Segment Start: Dataset extract

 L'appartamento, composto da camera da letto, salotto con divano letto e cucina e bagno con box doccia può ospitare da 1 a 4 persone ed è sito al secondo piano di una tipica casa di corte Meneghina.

Segment End: Dataset extract
Segment Start: Dataset extract

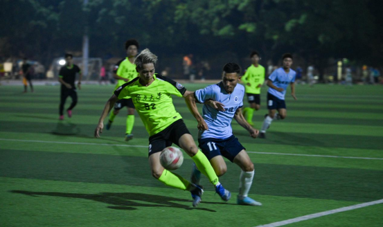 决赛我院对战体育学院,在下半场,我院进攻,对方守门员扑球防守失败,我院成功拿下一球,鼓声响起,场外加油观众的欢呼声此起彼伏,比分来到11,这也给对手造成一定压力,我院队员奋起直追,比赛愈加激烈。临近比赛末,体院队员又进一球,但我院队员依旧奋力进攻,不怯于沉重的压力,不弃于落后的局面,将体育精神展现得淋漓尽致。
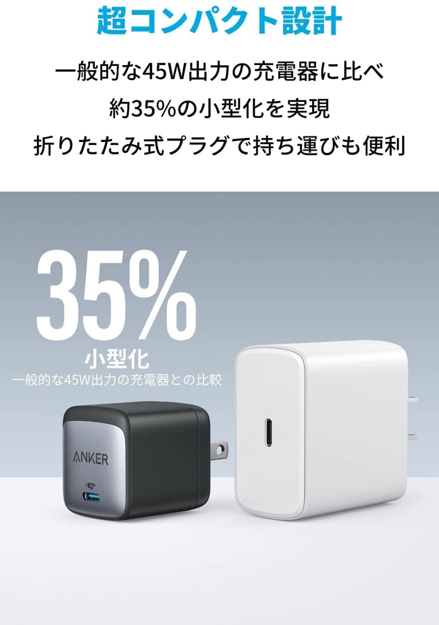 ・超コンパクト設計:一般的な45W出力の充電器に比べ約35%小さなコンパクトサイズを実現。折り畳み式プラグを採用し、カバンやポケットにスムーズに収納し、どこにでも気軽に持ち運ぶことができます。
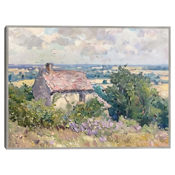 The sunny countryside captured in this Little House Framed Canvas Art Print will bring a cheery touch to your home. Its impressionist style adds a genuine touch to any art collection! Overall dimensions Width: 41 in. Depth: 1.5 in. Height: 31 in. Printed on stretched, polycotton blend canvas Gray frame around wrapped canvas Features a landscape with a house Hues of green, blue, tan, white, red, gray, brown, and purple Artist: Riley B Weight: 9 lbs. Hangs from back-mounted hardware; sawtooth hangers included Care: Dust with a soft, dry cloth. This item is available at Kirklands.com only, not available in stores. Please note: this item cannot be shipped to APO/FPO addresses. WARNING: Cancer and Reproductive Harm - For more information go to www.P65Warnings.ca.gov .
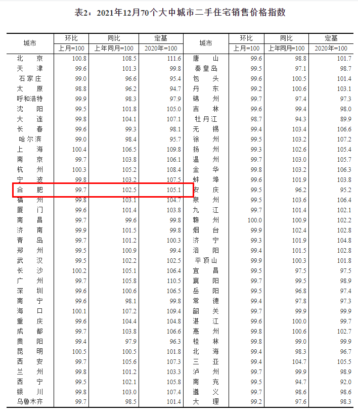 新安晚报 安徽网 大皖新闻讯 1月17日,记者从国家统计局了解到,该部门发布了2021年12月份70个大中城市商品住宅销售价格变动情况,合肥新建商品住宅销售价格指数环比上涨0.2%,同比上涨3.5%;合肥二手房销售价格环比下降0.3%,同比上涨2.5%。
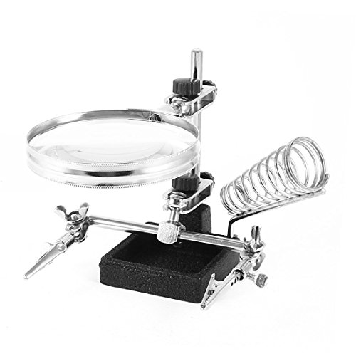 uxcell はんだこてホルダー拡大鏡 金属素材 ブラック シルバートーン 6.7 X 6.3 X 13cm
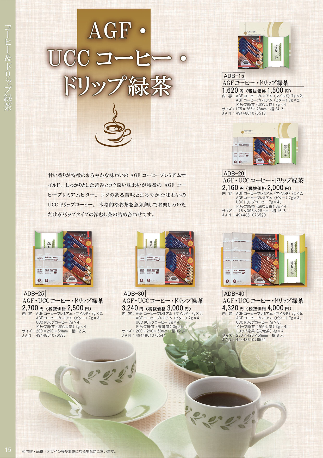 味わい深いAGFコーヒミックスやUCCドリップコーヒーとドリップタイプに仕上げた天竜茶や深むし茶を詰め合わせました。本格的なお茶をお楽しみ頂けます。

Segment End: Dataset extract
Segment Start: Dataset extract

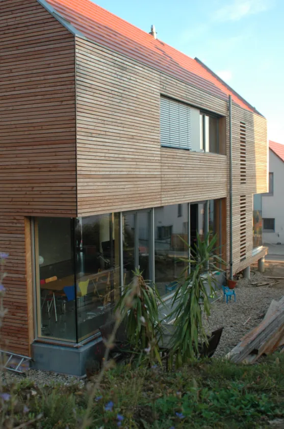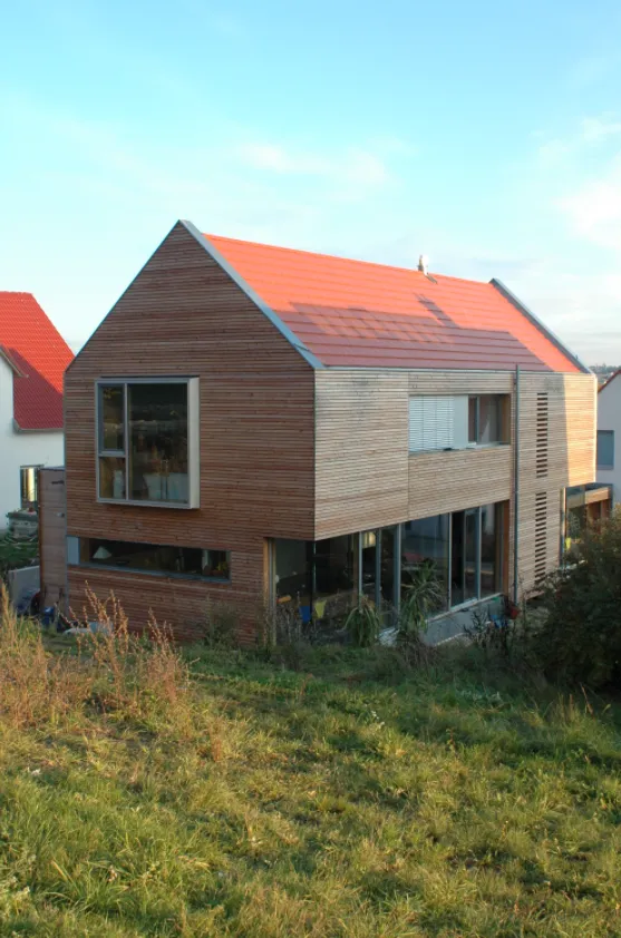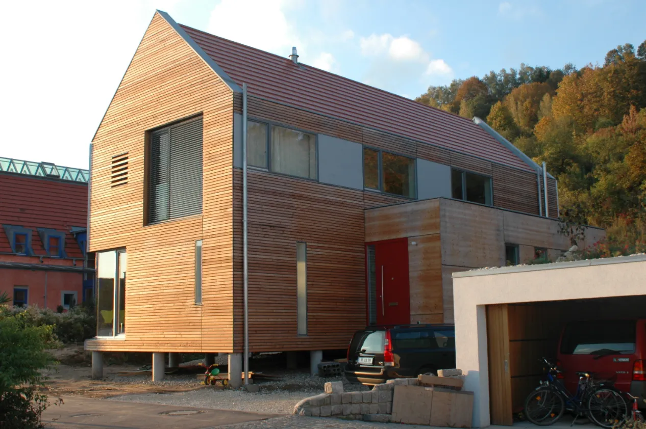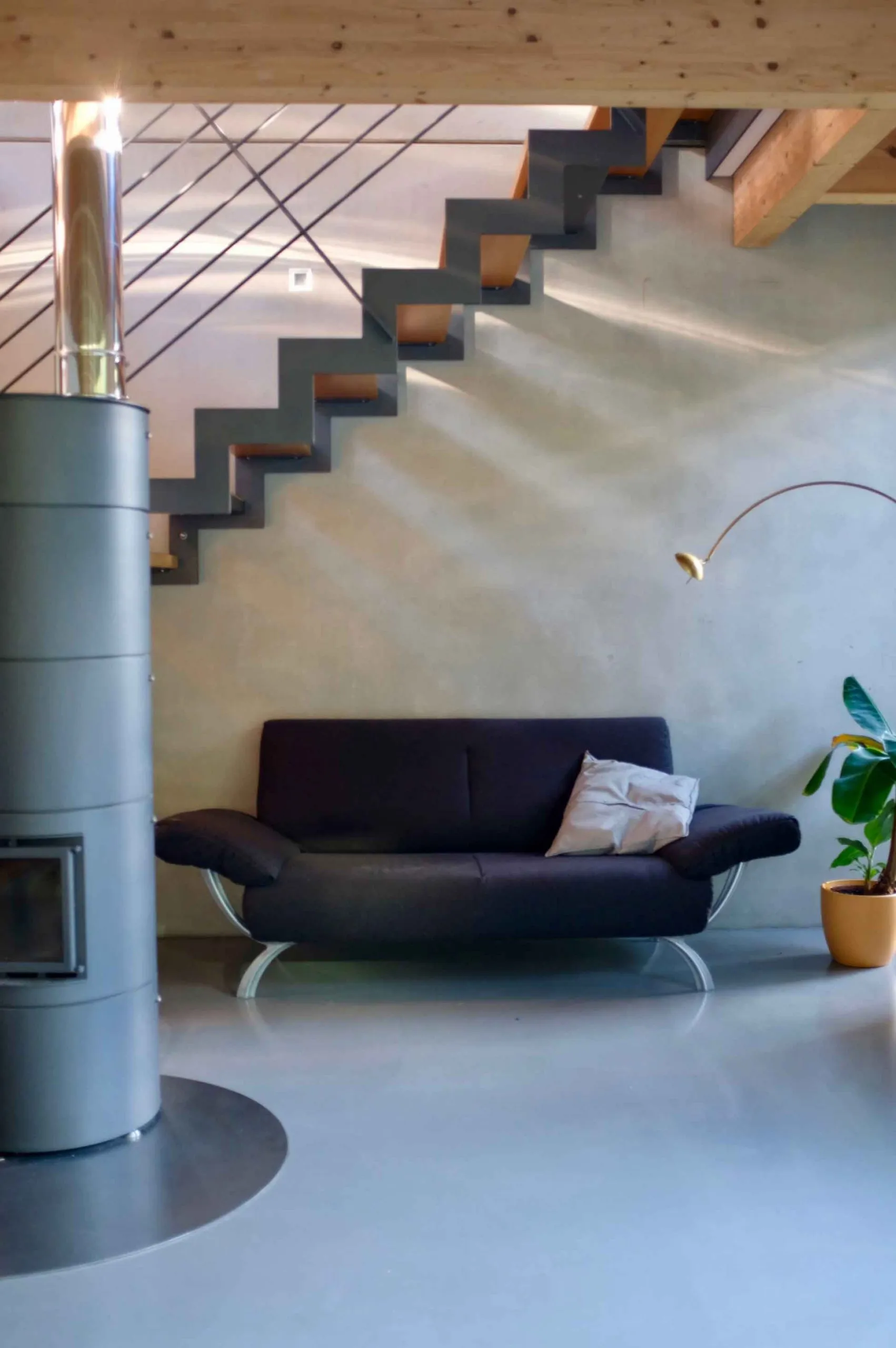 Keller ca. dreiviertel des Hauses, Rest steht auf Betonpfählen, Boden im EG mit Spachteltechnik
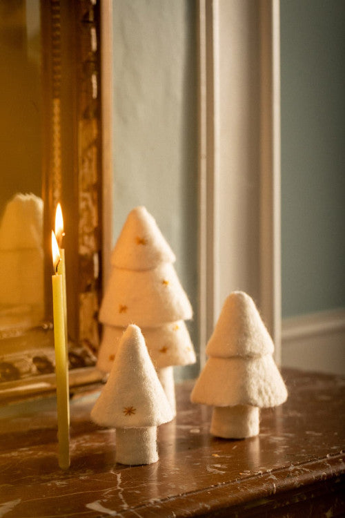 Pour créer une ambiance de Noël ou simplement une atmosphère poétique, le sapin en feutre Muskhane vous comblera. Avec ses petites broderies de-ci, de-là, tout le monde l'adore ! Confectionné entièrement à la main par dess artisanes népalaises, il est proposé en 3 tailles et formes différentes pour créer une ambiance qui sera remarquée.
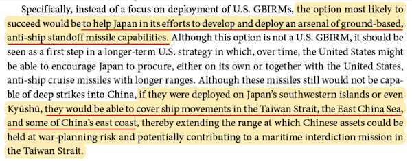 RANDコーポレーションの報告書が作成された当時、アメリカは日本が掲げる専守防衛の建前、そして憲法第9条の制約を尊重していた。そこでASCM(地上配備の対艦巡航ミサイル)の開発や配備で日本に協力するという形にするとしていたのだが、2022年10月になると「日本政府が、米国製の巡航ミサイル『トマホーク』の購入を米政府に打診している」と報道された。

Segment End: Dataset extract

Your task is to copy only the lines above starting at the one containing "Pour créer une ambiance de" and ending at the one containing "RANDコーポレーションの報". Copy them exactly, both ends included, and omit the pictures.

Expected answer:
 Pour créer une ambiance de Noël ou simplement une atmosphère poétique, le sapin en feutre Muskhane vous comblera. Avec ses petites broderies de-ci, de-là, tout le monde l'adore ! Confectionné entièrement à la main par dess artisanes népalaises, il est proposé en 3 tailles et formes différentes pour créer une ambiance qui sera remarquée.
 RANDコーポレーションの報告書が作成された当時、アメリカは日本が掲げる専守防衛の建前、そして憲法第9条の制約を尊重していた。そこでASCM(地上配備の対艦巡航ミサイル)の開発や配備で日本に協力するという形にするとしていたのだが、2022年10月になると「日本政府が、米国製の巡航ミサイル『トマホーク』の購入を米政府に打診している」と報道された。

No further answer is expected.